EU Unveils a new Sanctions on Russia to Reinforce Oil Price Cap Mechanism
- 2025-07-19 05:58:46

The European Union has approved its 18th package of sanctions against Russia, introducing a sweeping set of measures aimed at tightening enforcement of its oil price cap and curbing Moscow’s energy revenues amid the ongoing war in Ukraine.
At the heart of the new sanctions is a dynamic price ceiling on Russian crude oil, now set at 15% below the average market rate, effectively lowering the cap to $47.60 per barrel from the previous $60 benchmark. EU officials say the revised cap is designed to close loopholes and prevent Russia from profiting off discounted oil sales that have continued despite earlier restrictions.
The package also targets Russia’s so-called “shadow fleet”—aging tankers used to circumvent sanctions—with 105 additional vessels banned from EU ports and waters, bringing the total to over 400.
Transactions related to the Nord Stream gas pipelines have been prohibited, and all dealings with Russian financial institutions are now banned.
In a notable escalation, the EU will also bar imports of petroleum products refined from Russian crude, even if processed in third countries, with exceptions only for select allies such as the US, UK, and Norway.
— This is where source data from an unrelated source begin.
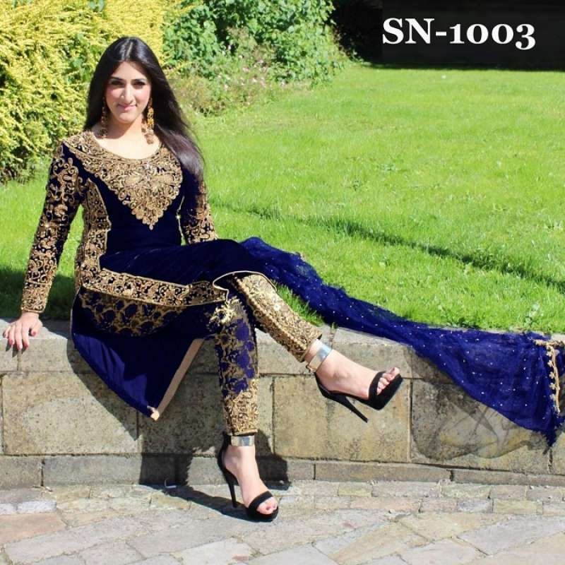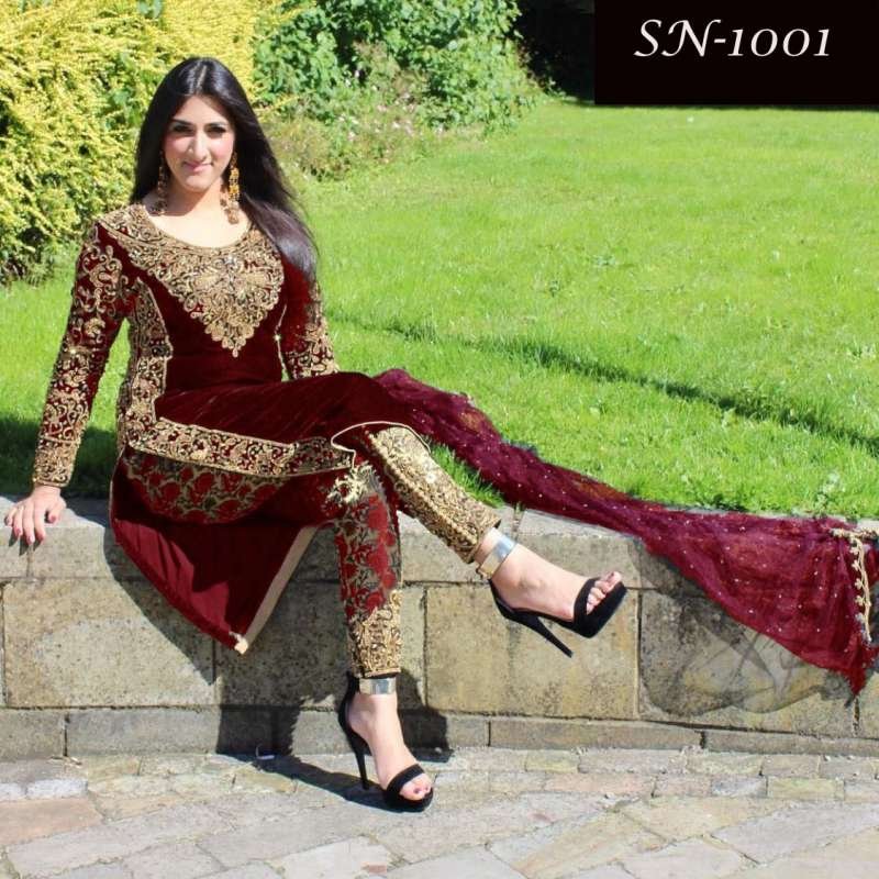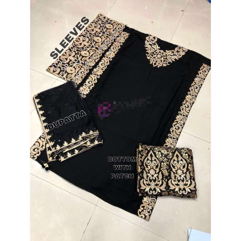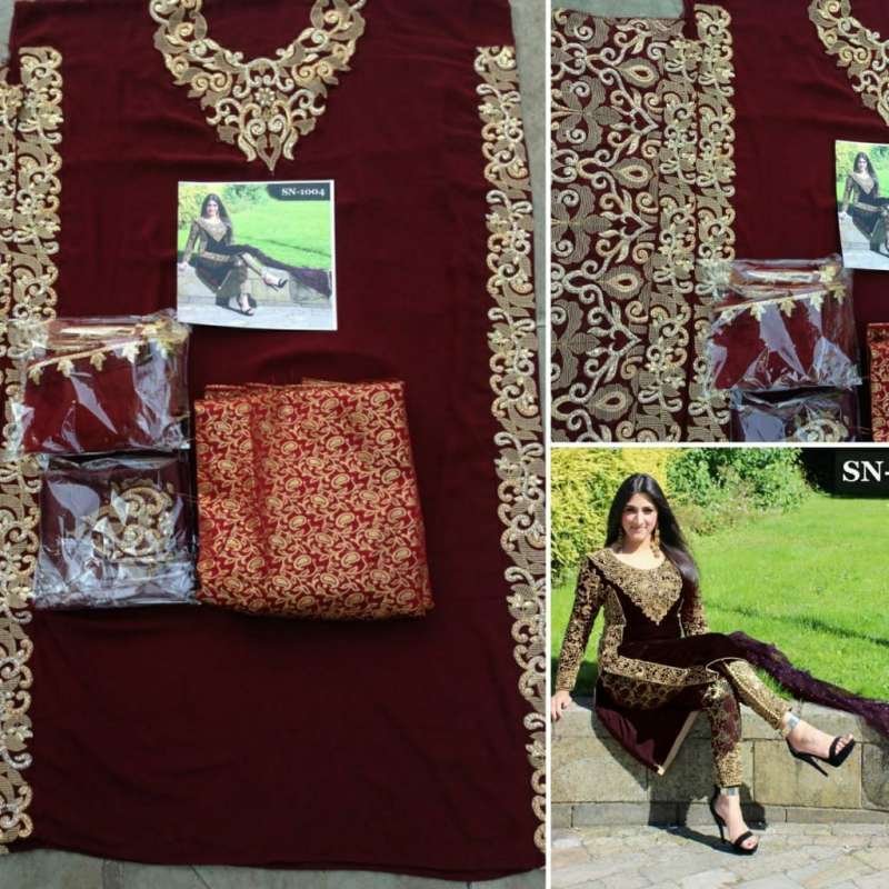 STUNNING VELVET WINTER WEAR EMBROIDERED GOLD BORDER SUIT ( IN STOCK TODAY )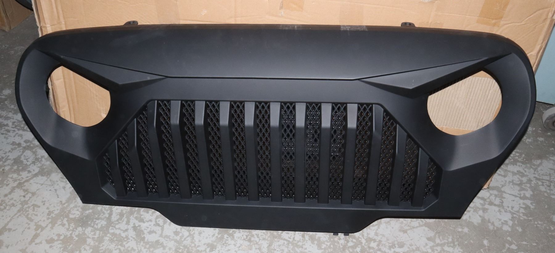 GRILL FOR 1997-2006 JEEP WRANGLER. ONE LOWER MOUNTING CLIP IS SNAPPED OFF. THE OTHER THREE MOUNTING POINTS ARE UNDAMAGED AND THERE APPEARS TO BE NO OTHER DAMAGE TO THE GRILL.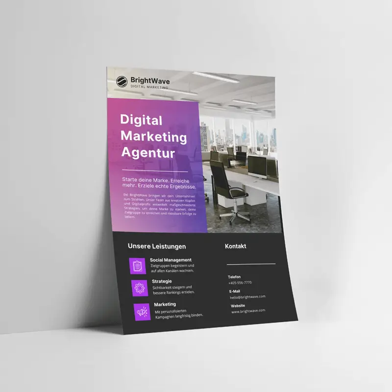 Unser Druckservice verwandelt deine Gedanken in ein professionelles Design. Wir gestalten genau das, was du brauchst: Ein ungebundenes Blatt Papier, das deine Kreativität und unsere Druckqualität perfekt vereint. Deine Ideen. Unser Können. Ein starkes Ergebnis.
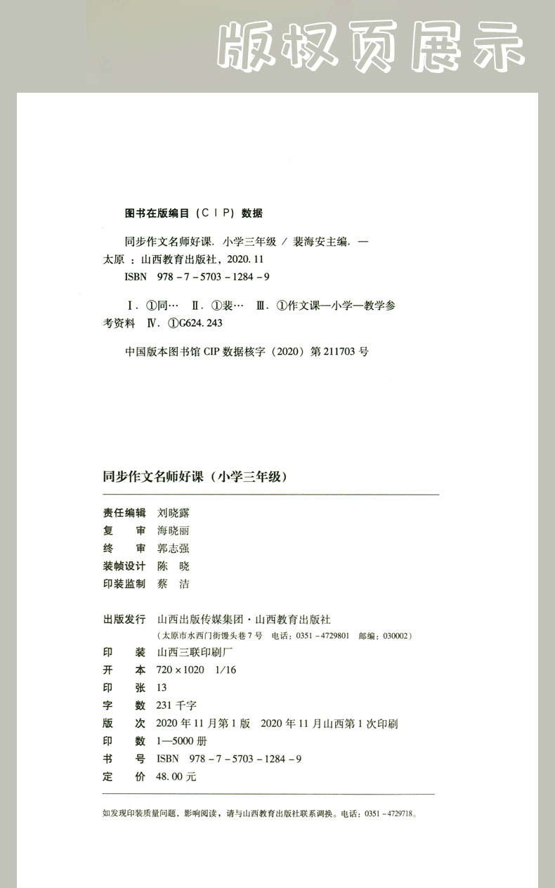 正版同步作文 名师好课 小学三年级 教学参考资料 主编 裴海安 山西教育出版社出版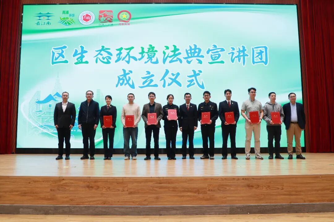 为了让法律的专业术语变成群众听得懂的“家常话”,打通法典宣传的“最后一公里”,活动现场还正式成立了“青浦区生态环境法典宣讲团”。该宣讲团汇聚了市区两级生态环境局执法骨干、检察干警以及青年志愿者等多方力量。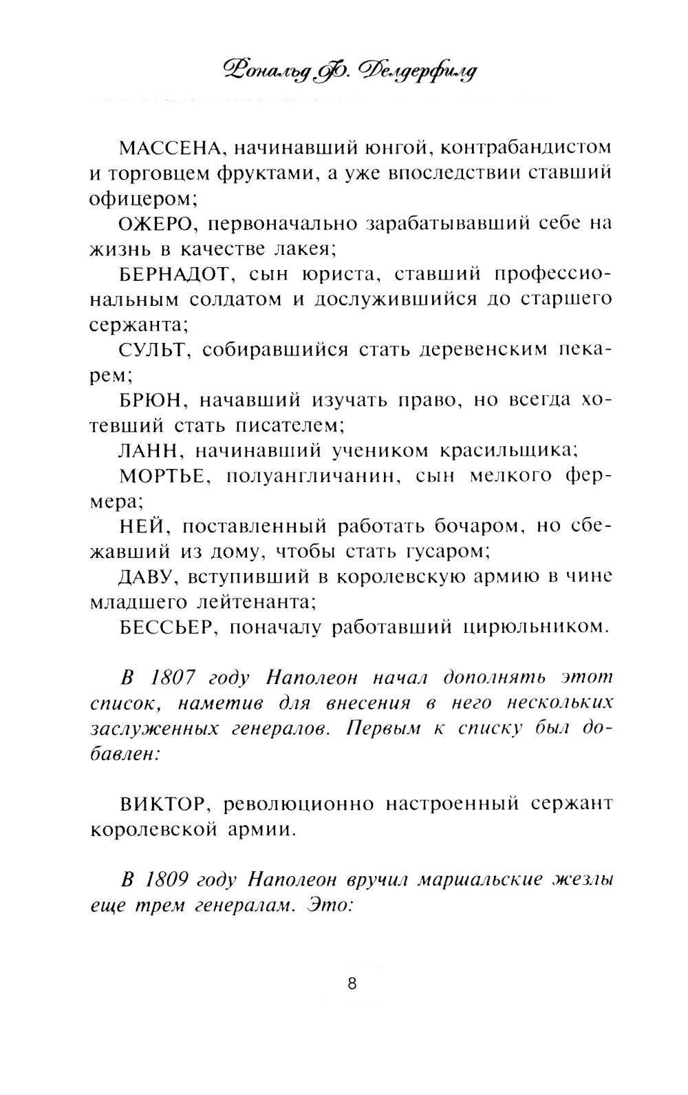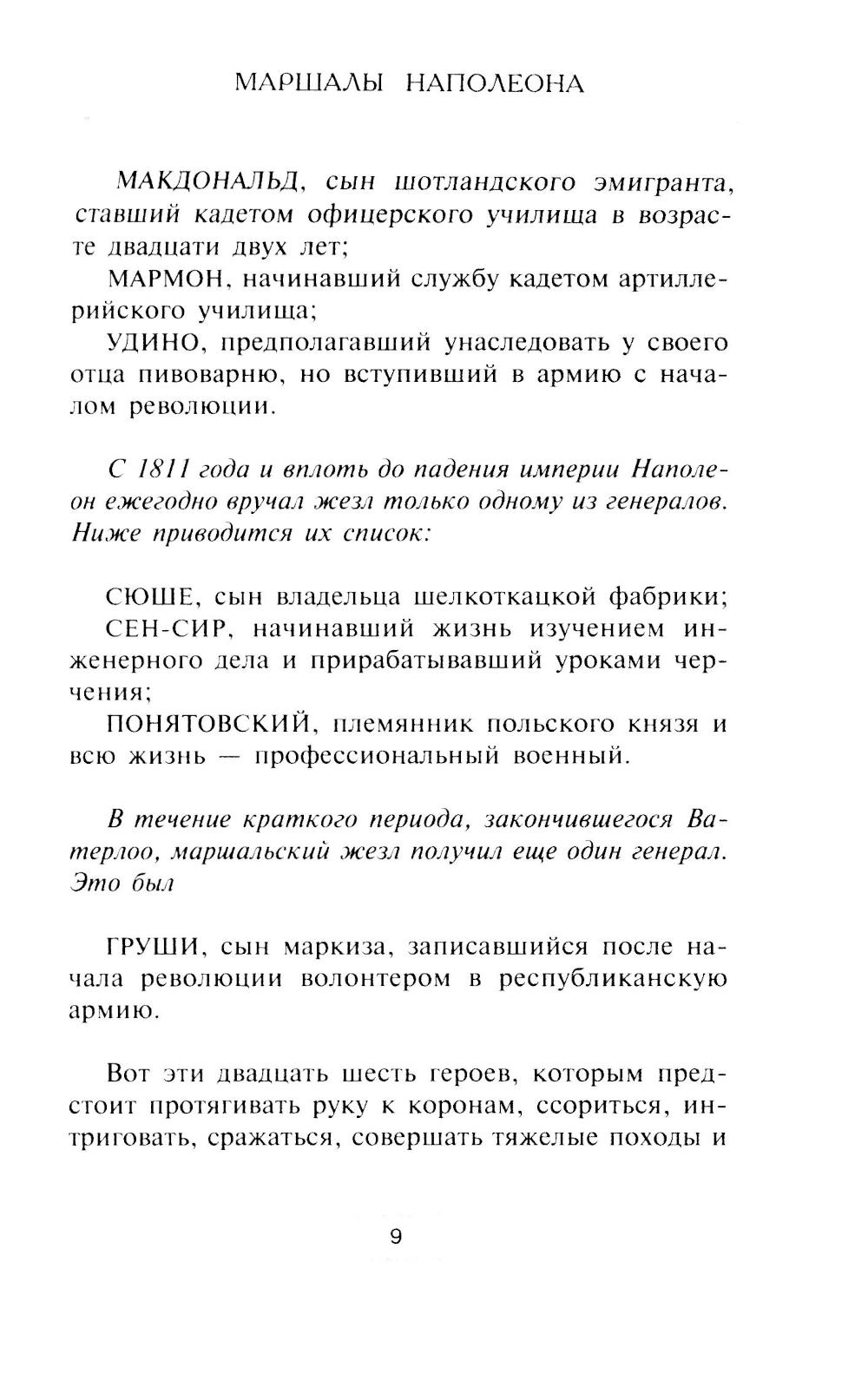 В книге рассказывается о жизни двадцати шести знаменитых полководцев, которые получили свой маршальский жезл от Наполеона. Это были люди самого разного происхождения: от аристократов до выходцев из низших слоев общества. Читатель узнает, с чего начинали эти храбрые и честолюбивые люди, как относились к власти, с чем пришли к концу жизни и как вели себя по отношению к человеку, которому были обязаны своим высоким положением. Книга поможет понять влияние Наполеона на людей его поколения и на политическую ситуацию в Европе.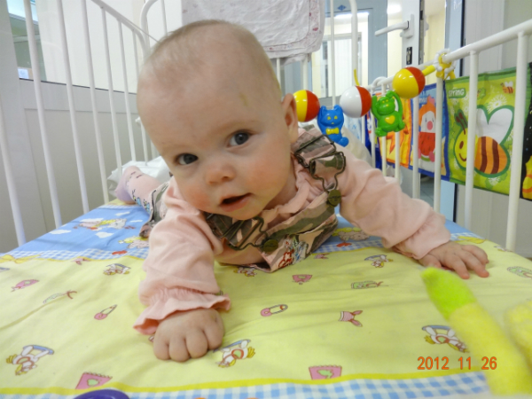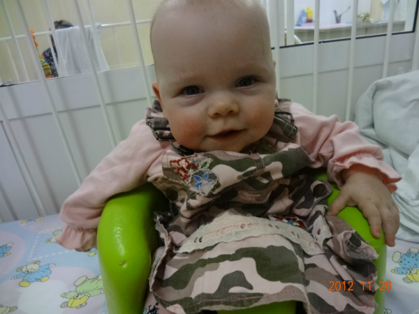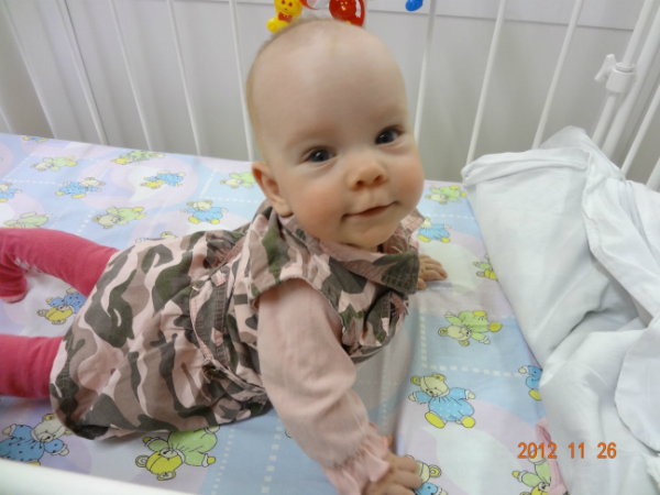За день до того, как должны были лечь Василиса стала на четвереньки, чем удивила и обрадовала. В больнице стала вставать уже уверенней, да и вообще видно, что ее тело все более ей подвластно, и легко вертится вокруг своей оси, ползает назад, достает игрушки и что-то запретное, что ей интересно на раз-два))) Пытается ползти вперед, ноги передвигает, но руки пока не догоняют что делать надо, поэтому чаще всего попытки заканчиваются падением, надеюсь, дома на полу раздуплится что делать надо)) За три дня до 9 месяцев сказала бабабабаб, абабаб и что-то похожее на да или дя, я не поняла, весь вечер болтала, я даже успела видео снять, а ровно в 9 месяцев научилась играть в ладушки, чего я собственно вообще не ждала, тоже видео сняла))) Ну и вчера она сказала МАМА!! УРА! УРА!)) Я дождалась!!!!!! Вот так она быстро училась все делать, что я даже радоваться не успевала))) Плюс у нее уже 2 зуба!! Единственное, что меня огорчает, что она ну очень маленькая и накормить бывает сложно, вес в девять месяцев 6430.

The sanctions extend to entities in China, Hong Kong, Turkey, and India, including Nayara Energy, a refinery partially owned by Russia’s Rosneft.
EU foreign policy chief Kaja Kallas called the package “one of the strongest to date,” emphasizing that the bloc will “keep raising the costs so stopping the aggression becomes the only path forward for Moscow”.
Despite the EU’s assertive stance, analysts caution that enforcement remains challenging without US backing, as global oil transactions are largely dollar-denominated and routed through American financial systems.